Tuesday, September 18, 2012

What Does Grace Look Like?

I am reading a book of Essay's by Elie Wiesel and in one of them he shares this thought. "Some will say to me, yes, but when you needed help nobody came forward. True, but it is because nobody came forward to help me that I felt it my duty to help them." 

A humbling indictment of the nature of man! It is so easy for us to say, look I'm comfortable, I'm safe.  Why should I care about those people? It's really none of my business. Besides, I'm only one person what impact could I possibly have? We love rationalization, it does help us to feel justified for looking the other way, for keeping our hands in our pockets, for averting our eyes. Yet deep in our hearts we know it for what it is; a cop out. 

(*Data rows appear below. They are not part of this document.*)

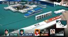 第2試合の南2局、伊達はまず中を仕掛けた。白が暗刻でドラ5筒が1枚、この時点で5200点だ。すぐに6・9索でテンパイ。一方、鈴木大介(BEAST X・連盟)がカン八万待ちでダマテン、鈴木優(U-NEXT Pirates・最高位戦)も勝負気配を見せていた。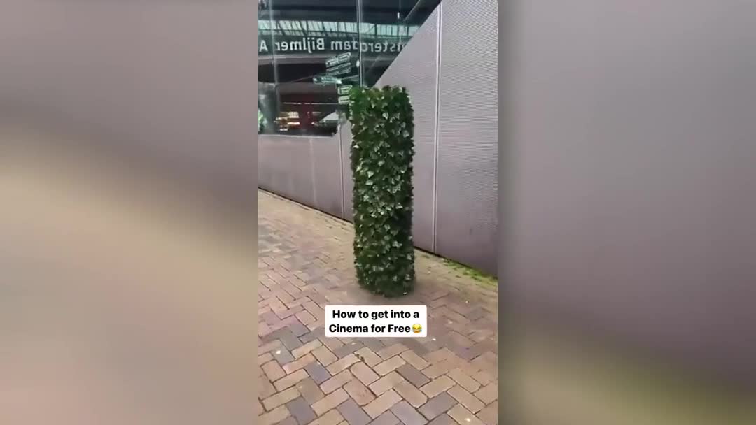 Парень снял лайфхак, как попасть в кинотеатр бесплатно, прикинувшись кустом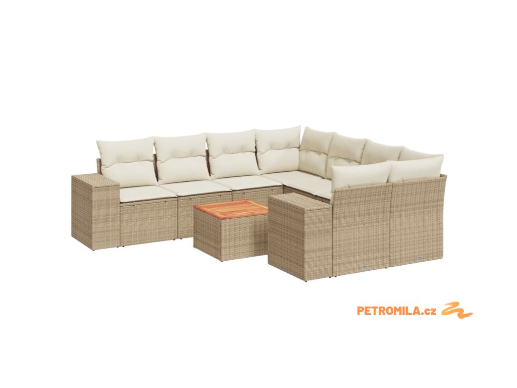 9dílná zahradní sedací souprava s poduškami béžová polyratan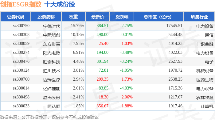 证券之星消息,11月10日,创指ESGR(470028)指数报收于3675.79点,跌0.71%,成交1600.84亿元,换手率2.81%。当日该指数成份股中,上涨的有51家,迈为股份以6.88%的涨幅领涨,下跌的有28家,欣旺达以7.01%的跌幅领跌。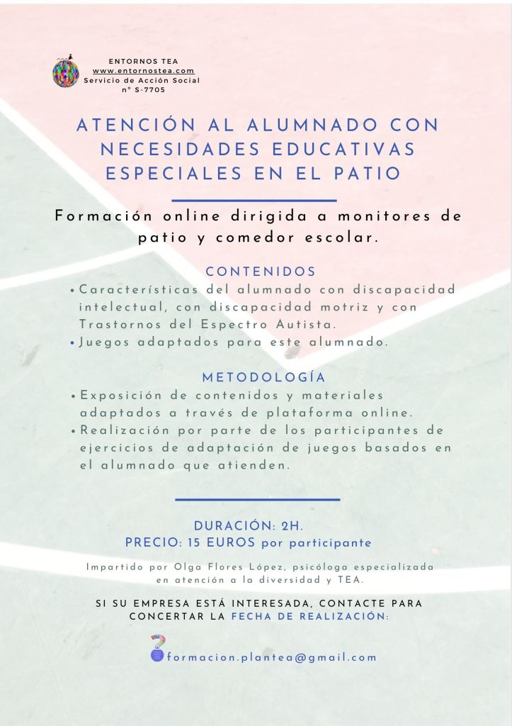 La formación ofertada incluye una descripción de las necesidades que este alumnado presenta habitualmente, la presentación de materiales y adaptaciones de juego, así como la propia elaboración por parte de los participantes de alguna adaptación, para consolidar los contenidos expuestos.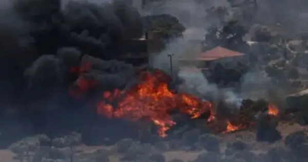 Η φωτιά στην Κερατέα ξέσπασε στην περιοχή της Πλάκας το πρωί της Κυριακής (30/06/2024) με την Πυροσβεστική Υπηρεσία να λαμβάνει κλήση για την εκδήλωση της πυρκαγιάς στις 11:55, η οποία έφτασε στα πρώτα από τα σπίτια.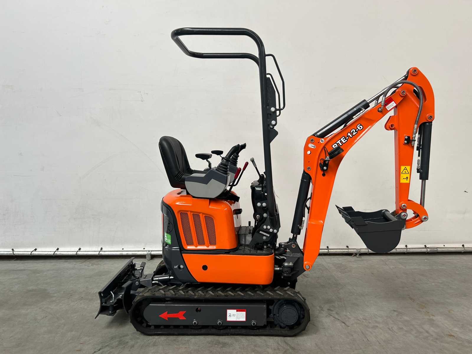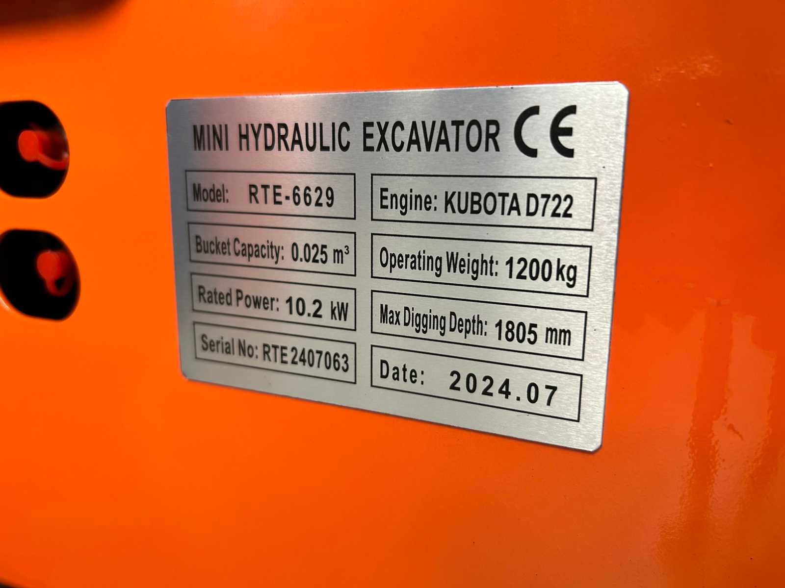 Ongebruikt; zwenkarm; motor Kubota D722 EURO5; bucket capaciteit 0,025m3; v.v. verlichting; 6629 Merk: RTE Type: CRE120 Bouwjaar: 2025 Merk motor: Kubota Motorvermogen (kW): 10.20kW Aantal cilinders: 3 Brandstof: Diesel Max. graafdiepte: 1805mm Inclusief graafbak: Yes Graafbak afm. l: 380mm Graafbak afm. b: 225mm Graafbak afm. h: 310mm Rups breedte: 180mm Eigen gewicht: 1200kg Totale afmeting L: 2300mm Totale afmeting Breedte: 820mm Totale afmeting Hoogte: 2200mm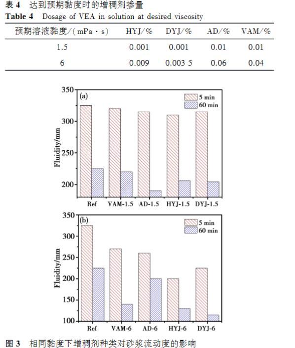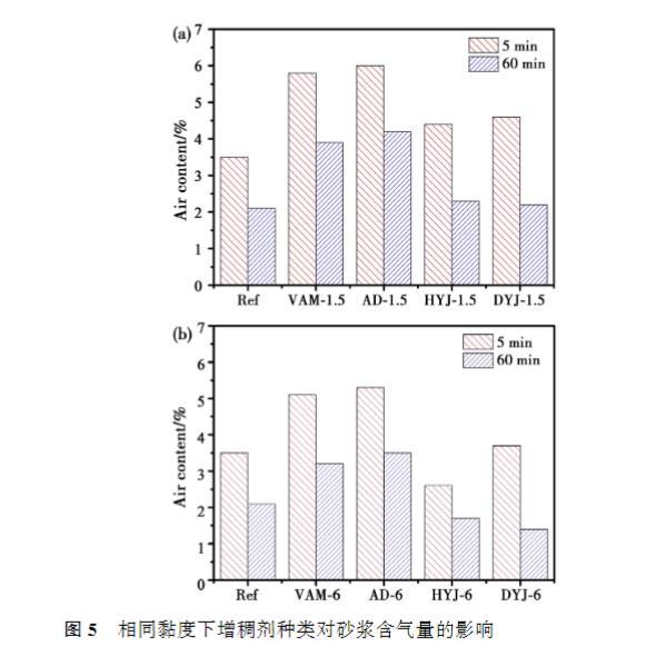 增稠劑溶液的黏度越高,砂漿的流動(dòng)度越低。在較低黏度下,四種增稠劑對砂漿初始流動(dòng)度的影響接近,60min時(shí),AD的經(jīng)時(shí)流動(dòng)度最低,VAM流動(dòng)度相對于基準(zhǔn)砂漿略微下降;然而當(dāng)溶液黏度提高至6mPa·s時(shí),摻入HYJ和DYJ的砂漿流動(dòng)度顯著低于AD和VAM,60min后的損失也更大,AD的經(jīng)時(shí)流動(dòng)度略低于基準(zhǔn)砂漿。

What did the rationalization of the people of his day cost Mr. Wiesel? His mother, his little sister, his father, his friends, his community, his city, his faith in his God. Because nobody came forward, Mr. Wiesel as a young boy watched his mother and little sister walk hand in hand to the gas chamber. No boy, no child, no person should have to watch his loved ones be forced to walk to their deaths. Yet, that is exactly what we allow to occur every time we refuse to come forward. His wound is so deep that Mr. Wiesel cannot sit back and watch others go through the hell he went through. That is why he lectures us so powerfully by saying, "It is one's duty to ask every day, where am I in relation to God and to others?"

What does grace look like? It looks like a man with a wound so deep that he is haunted by memories so many years later, yet, when he sees the longing look for help in the eyes of others today, he steps forward. He doesn't want another little boy to watch his mother and his little sister be forced to walk to the horror of the gas chamber. Grace says, I went through that pain and I don't ever want you to go through it, so I will stand up and fight for you, because you matter! Thank you, Mr. Wiesel, from the depth of my heart that your words have have begun to soften. I was becoming too comfortable, too safe, too full of rationalizations.